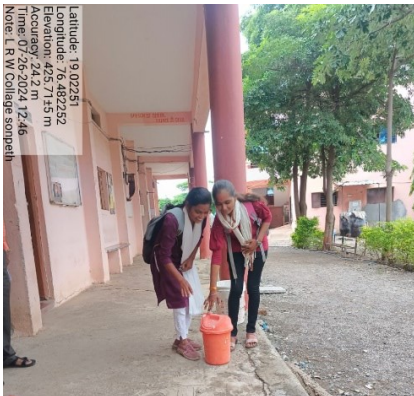
Dustbin for degradable and non-degradable waste for each wing
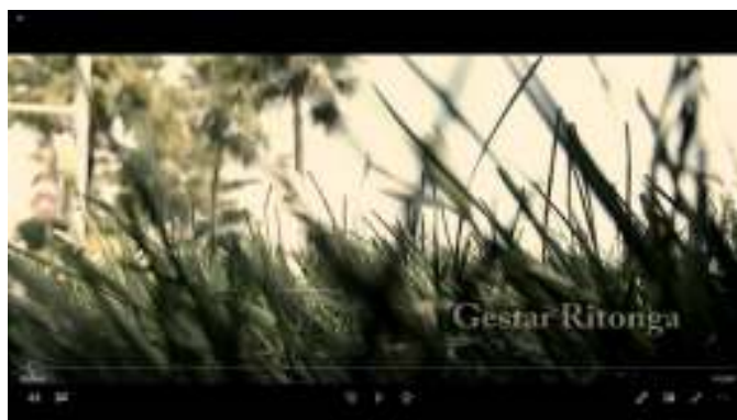
Gambar IV.3. Split gambar untuk Intro

Logo Oneto Films dalam bumper film menggunakan warna putih sebagai warna awal film di mulai dimanawarna putih sering dikait-kaitkan dengan arti terang, kebaikan, kemurnian, keperawanan, dan kesucian sehingga tidak jarang warna putih sendiriselalu disimpulkan dengan warna kesempurnaan. Penambahan split gambar yang diambil dengan bertemakan kostum putih untuk laki-laki dan perempuan juga memberikan arti kesucian cinta. Dimana teknik pengambilan split gambar menggunakan beberapa pengambilan yaitu eye level dan low angle untuk memberikan kesan yang mengancam dan berkuasa dengan menggunakan teknik medium shot dan medium long shot untuk menunjukkan bahasa tubuh dari pemeran utama kepenontonnya.

○ ○ ○

• **Try it**: Excluding every picture, set down the listing exactly.

• **Answer for the task**:
Dustbin for degradable and non-degradable waste for each wing
Gambar IV.3. Split gambar untuk Intro

Logo Oneto Films dalam bumper film menggunakan warna putih sebagai warna awal film di mulai dimanawarna putih sering dikait-kaitkan dengan arti terang, kebaikan, kemurnian, keperawanan, dan kesucian sehingga tidak jarang warna putih sendiriselalu disimpulkan dengan warna kesempurnaan. Penambahan split gambar yang diambil dengan bertemakan kostum putih untuk laki-laki dan perempuan juga memberikan arti kesucian cinta. Dimana teknik pengambilan split gambar menggunakan beberapa pengambilan yaitu eye level dan low angle untuk memberikan kesan yang mengancam dan berkuasa dengan menggunakan teknik medium shot dan medium long shot untuk menunjukkan bahasa tubuh dari pemeran utama kepenontonnya.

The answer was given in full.